R/kccaExtendedFamily.R
In flexord: Flexible Clustering of Ordinal and Mixed-with-Ordinal Data

Documented in kccaExtendedFamily

#20.01.25

#' Extending K-Centroids Clustering to (Mixed-with-)Ordinal Data
#' 
#' @description
#' This wrapper creates objects of class `"kccaFamily"`,
#' which can be used with [flexclust::kcca()] to conduct K-centroids
#' clustering using the following methods:
#'  - **kModes** (after Weihs et al., 2005)
#'  - **kGower** (Gower's distance after Kaufman & Rousseeuw, 1990,
#'                and a user specified centroid)
#'  - **kGDM2** (GDM2 distance after Walesiak et al., 1993, and a
#'              user specified centroid)
#'              
#' @usage
#' kccaExtendedFamily(which = c('kModes', 'kGDM2', 'kGower'),
#'                    cent = NULL,
#'                    preproc = NULL,
#'                    xrange = NULL,
#'                    xmethods = NULL,
#'                    trim = 0, groupFun = 'minSumClusters')
#'              
#' @details
#' **Wrappers** for defining families are obtained by specifying
#' `which` using:
#'
#' * `which='kModes'` creates an object for **kModes** clustering,
#'   i.e., K-centroids clustering using Simple Matching Distance
#'   (counts of disagreements) and modes as centroids.  Argument
#'   `cent` is ignored for this method.
#' 
#' * `which='kGower'` creates an object for performing clustering
#'   using Gower's method as described in Kaufman & Rousseeuw (1990):
#'
#'   - Numeric and/or ordinal variables are scaled by
#'     \eqn{\frac{\mathbf{x}-\min{\mathbf{x}}}{\max{\mathbf{x}-\min{\mathbf{x}}}}}.
#'     Note that for ordinal variables the internal coding with values
#'     from 1 up to their maximum level is used.
#' 
#'   - Distances are calculated for each column (Euclidean distance,
#'     `distEuclidean`, is recommended for numeric, Manhattan
#'     distance, `distManhattan` for ordinal, Simple Matching
#'     Distance, `distSimMatch` for categorical, and Jaccard distance,
#'     `distJaccard` for asymmetric binary variables), and they are
#'     summed up as:
#'
#'     \deqn{d(x_i, x_k) = \frac{\sum_{j=1}^p \delta_{ikj} d(x_{ij},
#'     x_{kj})}{\sum_{j=1}^p \delta_{ikj}}}
#'
#'     where \eqn{p} is the number of variables and with the weight
#'     \eqn{\delta_{ikj}} being 1 if both values \eqn{x_{ij}} and
#'     \eqn{x_{kj}} are not missing, and in the case of asymmetric
#'     binary variables, at least one of them is not 0.
#'
#'     The columnwise distances used can be influenced in two ways: By
#'     passing a character vector of length \eqn{p} to `xmethods` that
#'     specifies the distance for each column.  Options are:
#'     `distEuclidean`, `distManhattan`, `distJaccard`, and
#'     `distSimMatch`.  Another option is to not specify any methods
#'     within `kccaExtendedFamily`, but rather pass a `"data.frame"`
#'     as argument `x` in `kcca`, where the class of the column is
#'     used to infer the distance measure. `distEuclidean` is used on
#'     numeric and integer columns, `distManhattan` on columns that
#'     are coded as ordered factors, `distSimMatch` is the default for
#'     categorically coded columns, and `distJaccard` is the default
#'     for binary coded columns.
#'   
#'     For this method, if `cent=NULL`, a general purpose optimizer
#'     with `NA` omission is applied for centroid calculation.
#'   
#' * `which='kGDM2'` creates an obejct for clustering using the GDM2
#'   distance for ordinal variables.
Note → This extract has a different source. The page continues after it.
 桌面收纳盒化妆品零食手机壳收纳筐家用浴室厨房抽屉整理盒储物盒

The GMD2 distance was first
#'   introduced by Walesiak et al. (1993), and adapted in Ernst et
#'   al. (2025), as the distance measure within [flexclust::kcca()].
#' 
#'   This distance respects the ordinal nature of a variable by
#'   conducting only relational operations to compare values, such as
#'   \eqn{\leq}, \eqn{\geq} and \eqn{=}. By obtaining the relative
#'   frequencies and empirical cumulative distributions of \eqn{x}, we
#'   allow for comparison of two arbitrary values, and thus are able
#'   to conduct K-centroids clustering. For more details, see Ernst et
#'   al. (2025).
#' 
#' Also for this method, if `cent=NULL`, a general purpose optimizer
#' with `NA` omission will be applied for centroid calculation.
#' 
#' **Scale handling**.
#' In `'kModes'`, all variables are treated as unordered factors.
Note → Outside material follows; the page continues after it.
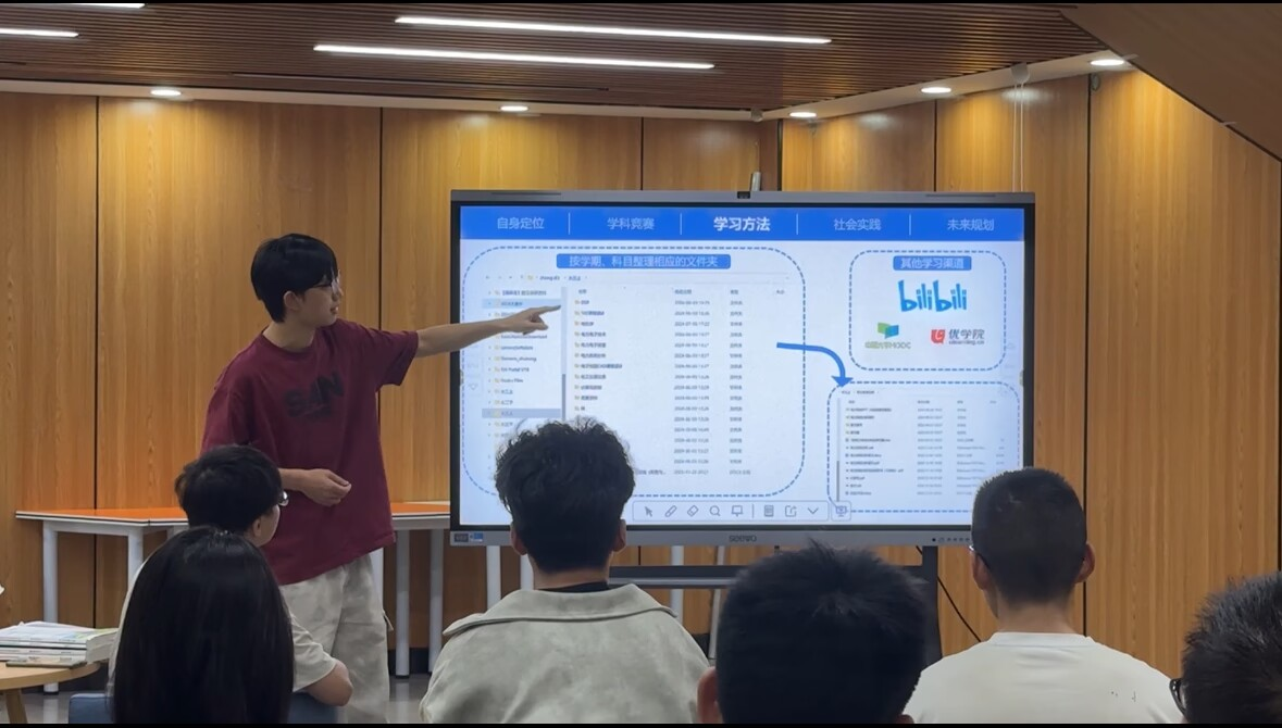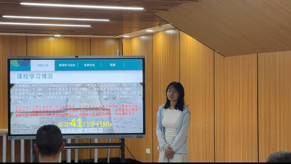 连续两年荣获“国家奖学金”的姜枫洁建议课程学习中对题型及相关解题方法做好分类,课中认真听讲,解题是提升自我的关键。她将学科竞赛划分为创新设计、技术研发、应用实践三大类型,建议善用“导师智库+学长经验+实验室资源”的黄金三角组合,以赛促学实现科研能力的阶梯式跃升。

#' In `'kGDM2'`, all variables are treated as ordered factors, with strict assumptions
#' regarding their ordinality.
#' `'kGower'` is currently the only method designed to handle mixed-type data. For ordinal
#' variables, the assumptions are more lax than with GDM2 distance.
#' 
#' **NA handling**.
#' NA handling via omission and upweighting non-missing variables is currently
#' only implemented for `'kGower'`. Within `'kModes'`, the omission of NA responses
#' can be avoided by coding missings as valid factor levels. For `'kGDM2'`, currently
#' the only option is to omit missing values completely.
#' 
#' @param which One of either `'kModes'`, `'kGDM2'` or `'kGower'`, the three
#'     predefined methods for K-centroids clustering.  For more
#'     information on each of them, see the Details section.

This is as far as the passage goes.